Christoph is one of the co-founders of betahaus and on the day in question I was sitting in the ground floor café here having my morning coffee when Christoph walked in the door, stopped, took off his jacket Mr. Rogers Neighbourhood-style, and hung it on the coat rack by the door.

At this moment my conception of betahaus changed from “hotel for working” to “office away from the office.”

Which is to say, to that point I’d been conceiving of betahaus as a place that I was renting a tiny desk-sized slice of; when I watched Christoph treat betahaus’s public spaces as one would, well, one’s office, that all changed, and I began to see betahaus not through microscope of my rented desk, but as a shared social space, less “hotel” and more “temporary home.”  You’d never hang your jacket by the front door of the Hilton; but, when you’re staying over for a few days at your friend’s place in Maui, you would.

But this is a love letter, not an essay, so let me tell you what I love about betahaus:

  • All the formal stuff just works: the signing up, the paying, the getting-of-keys, the learning about what desks you can sit on, is all efficiently and expertly handled.

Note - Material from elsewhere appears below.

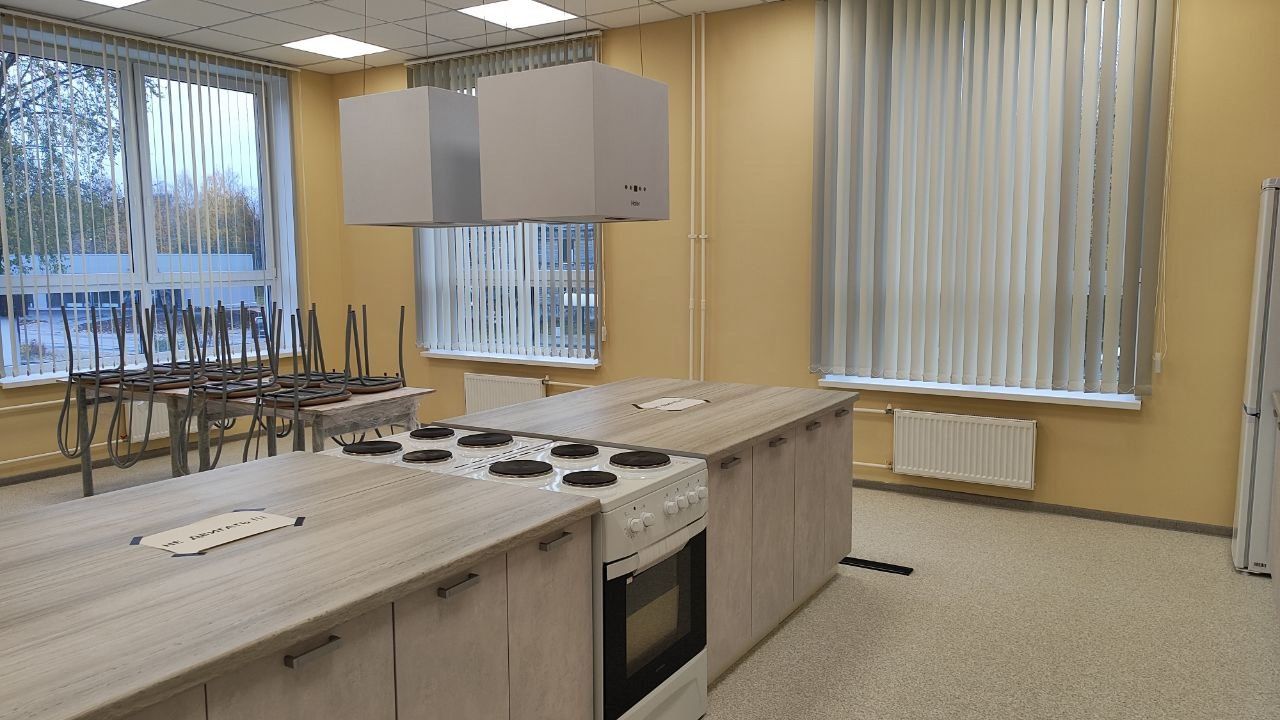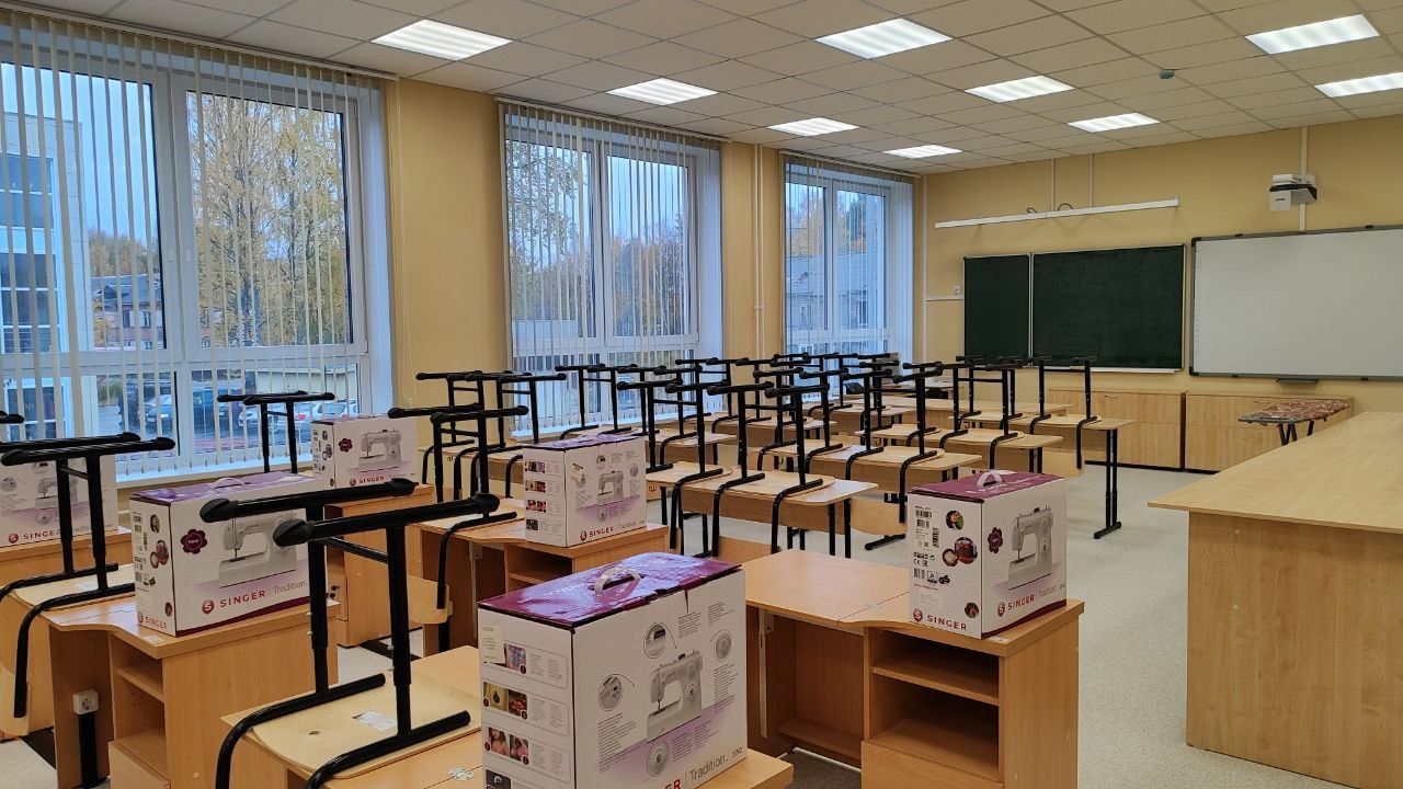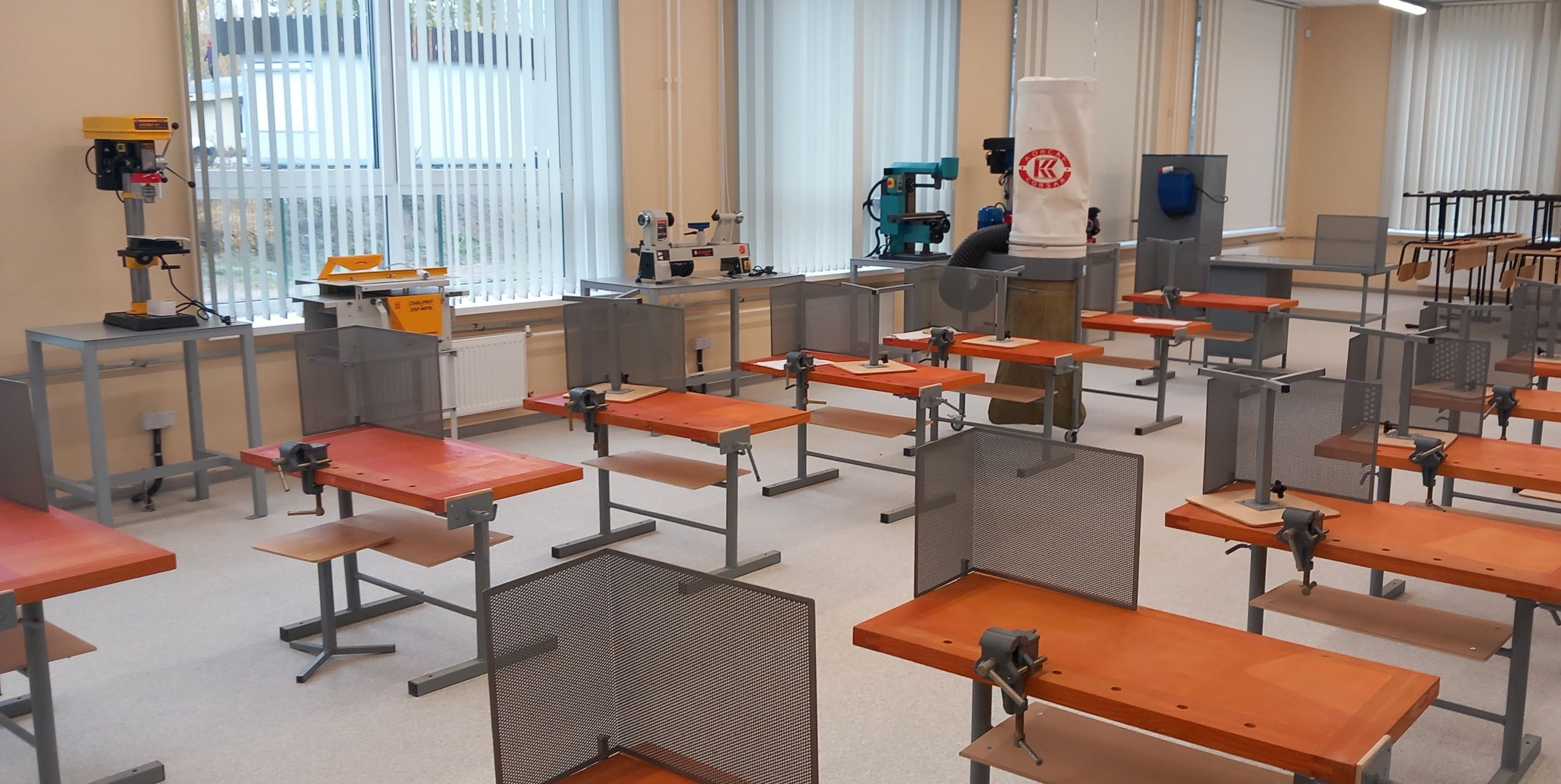 Для занятий по труду выполнены комбинированные мастерские по обработке древесины и металла, а также кабинеты домоводства (кройка и шитье, кулинария). В каждой мастерской имеется учебная зона со столами для учеников, рабочим местом учителя и школьной доской, и зона практики, оснащенная верстаками, станочным (сверлильным, точильным и т.п.) оборудованием, инструментами, приспособлениями, учебно-наглядными пособиями.

The learning curve is gentle and 15 minutes long, and everyone helpful and kind and welcoming.
  • The formal-informal mix is just right, and is based largely on the honour system. You buy your time – a day, a week, a month – and then you just come to work. There are no key-cards, sign-in sheets, or other measures to make sure you haven’t overstayed.
  • The working desks are simple slab-on-sawhorse, but configured at the right height for typing and have enough power points, good natural and artificial light, and not-perfect but just-adjustable-enough desk chairs.
  • The vibe, which is hard to quantify or describe, is just right. Take a couple of dozen unrelated people and put them at desks in a big room and I imagine that, were conditions different, all hell could break loose as everyone slowly annoyed each other to death with their phone-ringing, guffawing, loud-typing, noise-leaking-from-headphones habits. But for some reason this doesn’t happen: the work spaces don’t have the hushed nature of a library reading room, but neither to they have the unrestricted cacophony of a café. I really doubted whether I was going to be able to work effectively in a room with other people, but it turned out to not only not be a problem, but it turns out I actually prefer it.
  • The level of intraoffice trust is good: people go down to lunch and leave their laptops and desks as they would in a regular office. So you can relax. And not have to bundle up your workstation every time you go for a pee.
  • The café. This is the killer feature of betahaus: on the ground floor there is a large, comfortable café, open from 8:00 a.m. to 7:00 p.m., serving good coffee, good croissants, and excellent freshly-prepared lunches. Longtime readers of my blog will know that I often get preoccupied and forget to eat lunch, to my productivity detriment; that never, ever happens here at betahaus, as tasty relief is two floors down. The café staff are universally excellent at what they do.
  • The wifi works. All the time. Wifi generally never works like this, so someone’s doing something right.
  • There’s a super-duper slices-and-dices printing, scanning, emailing Xerox super-device on the network. 2.5 cents a copy. I’ve used it for mailing labels, trains tickets, and to scan and email myself things. And the hardware guy who gets you set up is super-nice and knows his stuff.
  • Prinzessinnengarten, a community garden cum café cum event space is right next door. When the betahaus café doesn’t have enough quiet contemplation reserve, a trip over to the garden does it.
  • Modulor is 2 minutes away. I’ve sung the praises of this “creative supply” store before, but I can never sing too much: from pretend grass for architects models to any one of two dozen varieties of rulers you can buy anything there. And it’s close enough to be tantamount to betahaus’s in-house supply shop.
  • The location is just right: the U8 subway line is right next door, which connects betahaus to everything else in Berlin; within 10 minutes walks are more restaurants, coffee shops, and parks than you could ever hope to experience in a lifetime. For me the location was even better, as our apartment on Graefestrasse was an easy 15 minute walk along the canal away.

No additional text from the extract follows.